The 13-year cicadas, as they’re called, only live for a short time: a month to five weeks, said University of Tennessee Extension entomologist Frank Hale. This week marks the beginning of their emergence around the Nashville area, which means that by the time Bonnaroo arrives, they’ll be nearing the end of their brief lifespan. “There could be some around,” said Hale, who noted that at their peak there can be thousands of cicadas under a single tree, and 100 times that per acre. “But I’d expect a lot of them to die around then, too.”

This outcome is what the organizers and performers of Bonnaroo are hoping for. “What we’re hearing is if they’re going to come, they’re going to come before the festival,” said Rick Farman, one of the producers and founders of Bonnaroo. “But regardless, it’s not a major concern — they’re harmless.”

Cicadas do not bite, sting or pose much of a danger to humans. But natives of the region regard them with a sort of bemused awe, and talk about the spectacle of their emergence with a mix of glee and trepidation.

Jake Orrall grew up outside of Nashville, and is now the frontman and guitarist of JEFF the Brotherhood, set to play Bonnaroo this year; he still remembers the last time the cicadas were out. He was 12. “We went to a Renaissance festival,” Orrall recalled, “and they were everywhere. You couldn’t walk without crushing them. Me and my friends filled a lunch box full of them and gave them to this girl, and she opened it and screamed.
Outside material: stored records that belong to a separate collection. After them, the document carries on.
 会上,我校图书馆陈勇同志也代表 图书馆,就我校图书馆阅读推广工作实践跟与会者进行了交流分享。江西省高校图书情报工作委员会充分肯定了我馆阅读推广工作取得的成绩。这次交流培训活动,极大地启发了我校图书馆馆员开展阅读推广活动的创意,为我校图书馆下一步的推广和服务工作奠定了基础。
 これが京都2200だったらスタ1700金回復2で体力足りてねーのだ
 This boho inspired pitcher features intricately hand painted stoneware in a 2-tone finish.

We’d have fights, just picking them up and throwing ’em at each other.”

The sight of cicadas blanketing trees and swarming over grass made early colonists, versed in Biblical stories about plagues of locusts (an insect distinct from, though often confused with, cicadas), think that they were being cursed by God. Today, pastors in the area, like Frank Lewis, of First Baptist Nashville, scoff at that notion, even as they acknowledge the otherworldly-seeming nature of the phenomenon.
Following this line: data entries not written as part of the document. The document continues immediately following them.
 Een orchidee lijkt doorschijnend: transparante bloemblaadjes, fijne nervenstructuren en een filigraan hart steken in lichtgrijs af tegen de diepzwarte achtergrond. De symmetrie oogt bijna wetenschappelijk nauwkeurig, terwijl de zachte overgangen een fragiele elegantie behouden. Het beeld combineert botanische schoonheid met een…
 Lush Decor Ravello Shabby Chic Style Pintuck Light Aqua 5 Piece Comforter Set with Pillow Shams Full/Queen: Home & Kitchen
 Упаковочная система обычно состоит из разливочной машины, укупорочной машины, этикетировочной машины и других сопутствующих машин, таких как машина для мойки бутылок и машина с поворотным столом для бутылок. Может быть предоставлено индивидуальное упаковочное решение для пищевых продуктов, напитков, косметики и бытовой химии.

“I can understand 200 years ago when the first settlers came here,” Lewis said. “They’d never seen this before, because it is pretty phenomenal, to see all those bugs come at you — you might be thinking, ‘Oh my goodness, this is the end of the world.’”

“And the bugs are pretty horrible-looking. They’ve got red eyes, and it’s a black body, and you might think, ‘That is a cicada from hell.’ But I don’t see it as being the locust thing as much as I do, ‘Boy, this is really amazing that the God in the universe who created everything there is put in an order.’”

The cicadas, if they do live long enough to see Bonnaroo, are unlikely to do more than keep campers awake at night as the males lustily serenade the females — a festival occurrence that is perhaps not limited to the insect world. But four days of concerts does present an interesting, and perhaps unprecedented circumstance, according to Hale, who noted that cicadas are often “attracted to the sound of a lawnmower,” and, when they are in full emergence, will frequently move toward it.

“Now, it might be interesting if there’d be any attraction to speakers,” or even amplifiers, Hale said. “All they would do is buzz toward” the noise. “But I don’t know if anybody’s ever looked into that.”

What would Orrall and his band do in the unlikely event that they and their equipment were swarmed by bugs, mid set?

“We’d probably get some kids to come up with, like, tennis rackets onstage, if that happens, just to fend them off,” said Orrall, laughing. “It’s the only thing I can think of, really.”